Just to give you some background, the simplified flow we have is:
- Bulk insert JSON into a table
- Create a landing view on top extracting JSON paths into a view structure
- Create a data flow that flows the view data into the production table
- Highlight any truncation that occurs between landing to production
Because of the way SQL Server handles JSON, the fields have a length of MAX, when creating the view we set the field length in our CROSS APPLY, as an example we set RECIPIENT_NAME to VARCHAR(10) in our production table, however if RECIPIENT_NAME were to have a row where it was length 15 in the JSON file, when creating this view we wouldn't know that the 15 was truncated to a 10. To get around this, we set the RECIPIENT_NAME length to 11 in the landing view cross apply and when rows move from landing to production RECIPIENT_NAME goes from an 11 to a 10 and if at this point there was indeed any truncation SSIS would highlight it and I can capture the row down down the red error path.
In SSIS I have an OLEDB Source which points to the landing view and an OLEDB Destination that points to the production table.
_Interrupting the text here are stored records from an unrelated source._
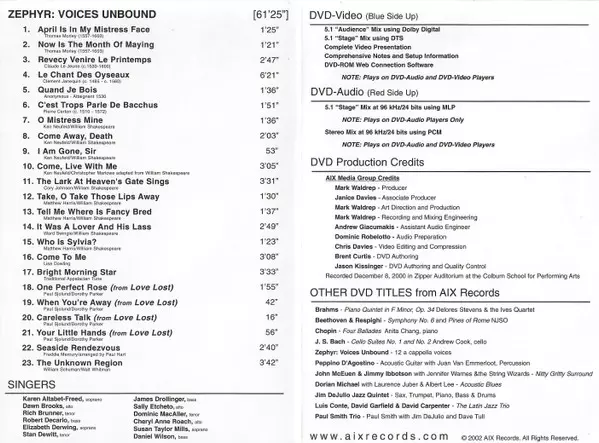 | Művész | Zephyr: Voices Unbound |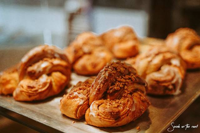 最后放入烤箱烘烤,由于我们做的太糟糕,工作人员还是拿出烤好的羊角包给我们尝,口感顿时,和一般的羊角包完全不一样,馅料的口感也很丰富,第一次吃到罂粟籽的味道,难以形容啊。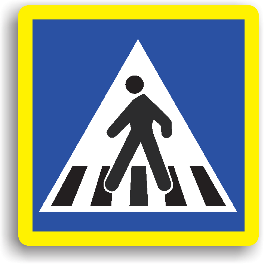 Indicator de informare G2 trecere pentru pietoni 850x850 mm folie reflectorizanta clasa 1 otel vopsit se instalează în apropierea unei treceri pentru pietoni. De obicei, este precedat și de indicatorul rutier "Presemnalizare trecere pentru pietoni".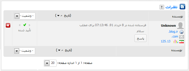 نکته: با کلیک کردن روی ip میتوانید نظرات دیگری که این کاربر برای ویبلاگ شما ارسال نموده مشاهده کنید.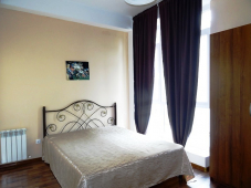 | Мебель: | двуспальная кровать, диван-кровать, стулья, шкаф, прикроватные тумбочки, вешалка, зеркало, туалетный столик |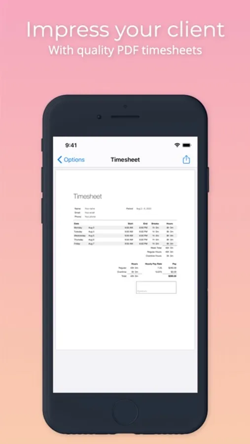 Try it for free -- the timesheets in the free version contain a watermark so you can test all functionality and decide whether you are happy with the app. Upgrade to the Pro version with an in-app purchase to remove the watermarks and be able to support unlimited projects.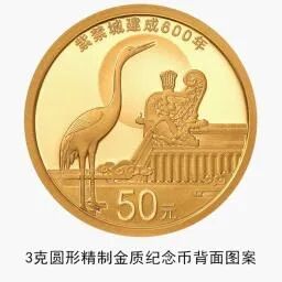 3克圆形金质纪念币,面额50元,直径18毫米,最大发行量6万枚,背面图案采用铜鹤和大吻形象。铜鹤图案取材于太和殿前广场上伫立的铜鹤。在中国文化中,鹤代表着仙风道骨的精神品格,与神格化的龟身兽一起,则寓意“龟鹤千秋,万寿无疆”。铜鹤背后的大吻,是紫禁城建筑中的重要部件,起到防水、装饰等多重作用,太和殿的大吻更是目前我国现存最大的大吻。把铜鹤与大吻作为金币上的图案,代表了中国人高洁的品格与中国建筑文化的传承。

I also have an error flow out of the Source into an error table where each column has been set to redirect row on truncation.
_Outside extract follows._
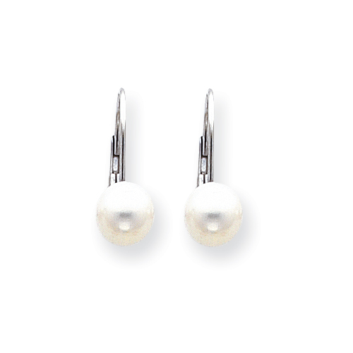 Picture of 14k White Gold 7mm Pearl Leverback Earrings

At this point SSIS warns me truncation may occur when validation the destination task, with a yellow triangle on the destination task:
[PRD_SYSTEM [189]] Warning: Truncation may occur due to inserting data from data flow column "RECIPIENT_NAME" with a length of 11 to database column "RECIPIENT_NAME" with a length of 10.
When testing this with some sample data, I purposely put a row with 20 characters in the JSON field for RECIPIENT_NAME. This does not get flagged as a truncation issue and proceeds to populate the production table albeit truncated.
However, if I right click on the source > Show Advanced Editor > Input and Output Properties > OLEDB Source Output and expand Output Columns and modify 'Length' under Data Type Properties for the RECIPIENT_NAME column (initially an 11) to what it should be in the production table, a 10 and then rerun the process, the row does indeed get redirected to the error table!
Interestingly the warning changes, with a yellow triangle on the source task instead:
[LND_VW_SYSTEM [81]] Warning: Truncation may occur due to retrieving data from database column "RECIPIENT_NAME" with a length of 11 to data flow column "RECIPIENT_NAME" with a length of 10.
Now my understanding was that SSIS should capture truncation as I have set it up and not have to edit individual columns in the advanced editor - is this intended behaviour given what I have described or have I missed something out?